There are several ways to raise the value of your home and if you want a drastic change, then people often turn to a more drastic solution too which are all possible, especially if you live in a house or have a detached home for full usage. Let’s see what the most generic types of extensions exist alongside their pros and cons:

Restructuring: The most general way for someone to try to win place is with the rearrangement of the living space, which generally means, to win space by getting out walls from places and putting walls in, if needed in other places. The restructuring can have stunning results especially if someone loves the kitchen to be together with the living room or simply if someone has a small living place. The bigger and more airy a place looks like, the better the value of a place will be. But make sure you don’t over-structure your space otherwise you will make it way too defiant which means the less people will be interested in buying it instantly.

Additional one-room house outside the house: many people change their original garden shed and decide to build a little house in the end of the garden. This is a pretty good idea, but can be costly especially as these little houses work the best if they have their own small kitchen/cooking counter and at least a toilet with a tap. In that case it can be perfect for a teenage kid or to be a sort of a guest room. This can also be perfect for those who want to rent out a segment but would not welcome strangers inside their homes.

Turning basement into a separate or adjoining living area: there are tons of homes with basements where a separate entry in the house can be done (if not already done). These basements call for a complete renovation whereas the area is turned to become a small self-service apartment in itself. This way it’s really a huge addition to the home’s value (it can be even sold alongside the renter) or the perfect solution for those who don’t want to sell their home yet need an urgent addition to their current income.

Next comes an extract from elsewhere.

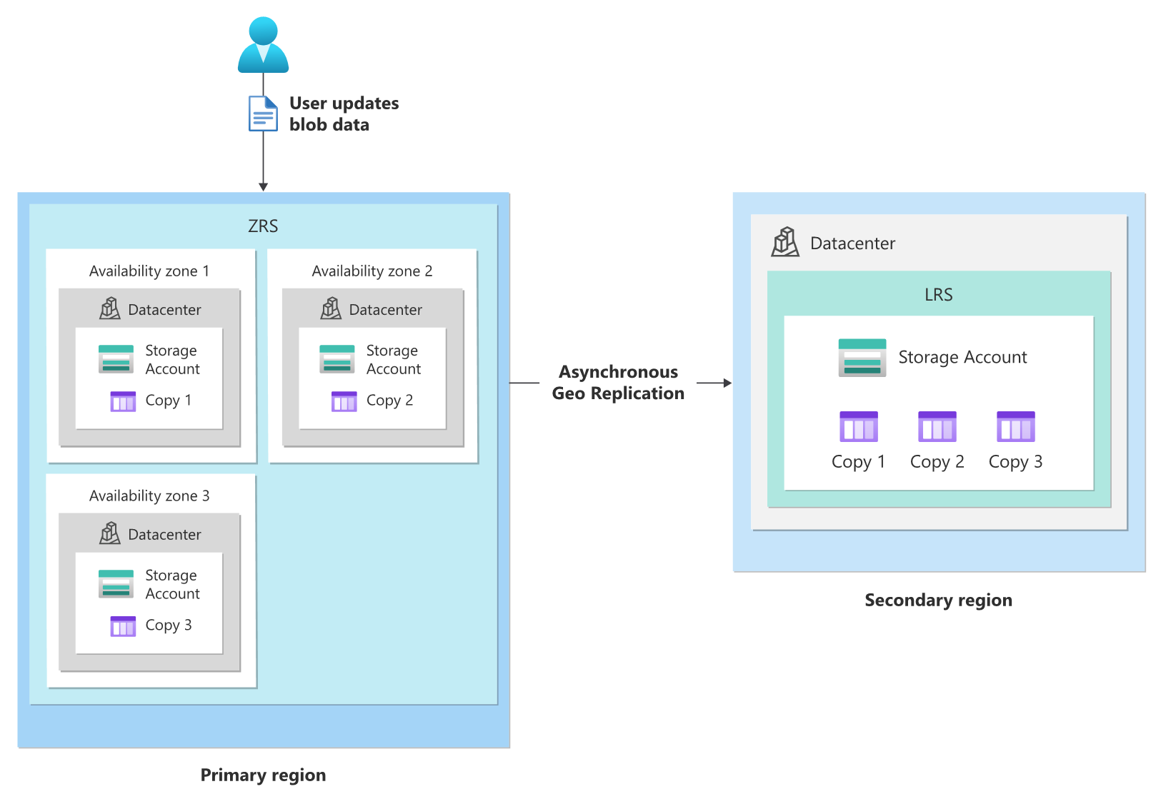 When a storage account is configured for geo-zone-redundant storage (GZRS) or read access geo-zone-redundant storage (RA-GZRS) replication, data is zone-redundant within the zone redundant storage (ZRS) primary region and replicated three times within the LRS secondary region. If the account is configured for read access (RA), you're able to read data from the secondary region as long as the storage service endpoints to that region are available.

Turning loft into an additional living area: if you live in a house and your loft only serves as a storage room you can turn it to an additional room or living area, depending on the exact space you have. However due to structural difficulties, most construction specialists would tell you to rather try with an extra space in the basement as its way cheaper than turning the loft into a living area and offers more space ready for usage than by the roof where the walls are difficult to be made partly or fully vertical.

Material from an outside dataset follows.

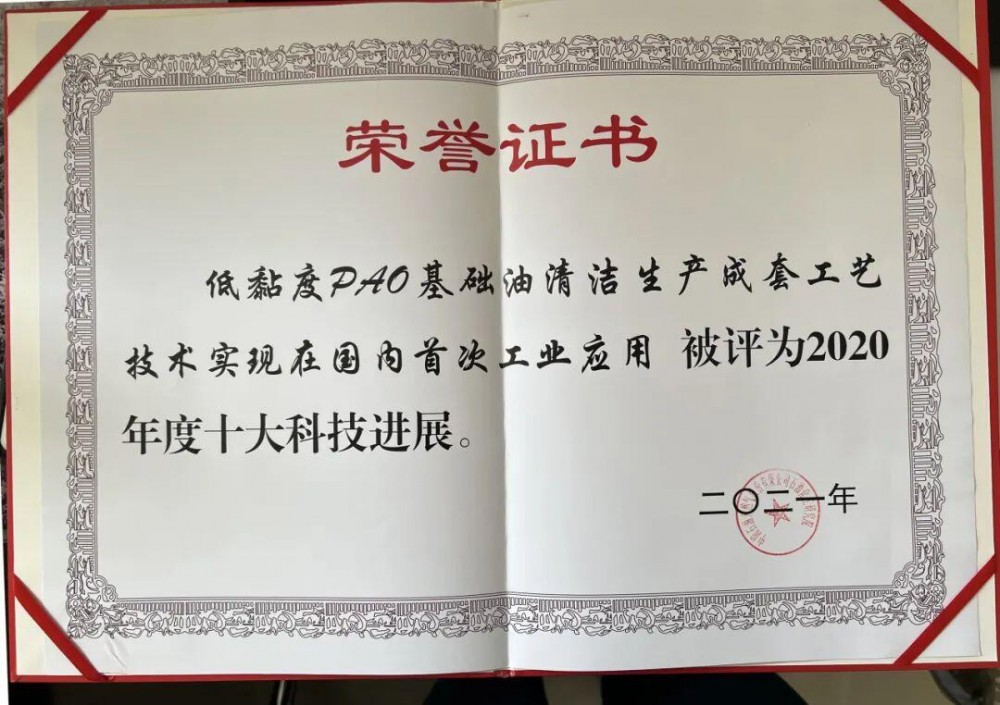 2021年12月,5000吨/年低粘度pao基础油工业试验装置的开车生产成功,低黏度pao产品各项性能均达到国外同类产品技术水平,该项技术入选中国石油2021年十大科技进展。一年后,低粘度pao基础油生产装置通过国家科技部组织验收。

Elongating a house or turning a patio into a living area: there are many people who eventually decide to turn their patio into a winter garden or a hideaway, so that they can use it all year long. This can either be fully made a room or can remain sort of a patio with windows, It certainly adds a lot of space to a home.

Before any constructions please consult a real estate agent as not all the additions would raise the value of a home with as much as you would hope for.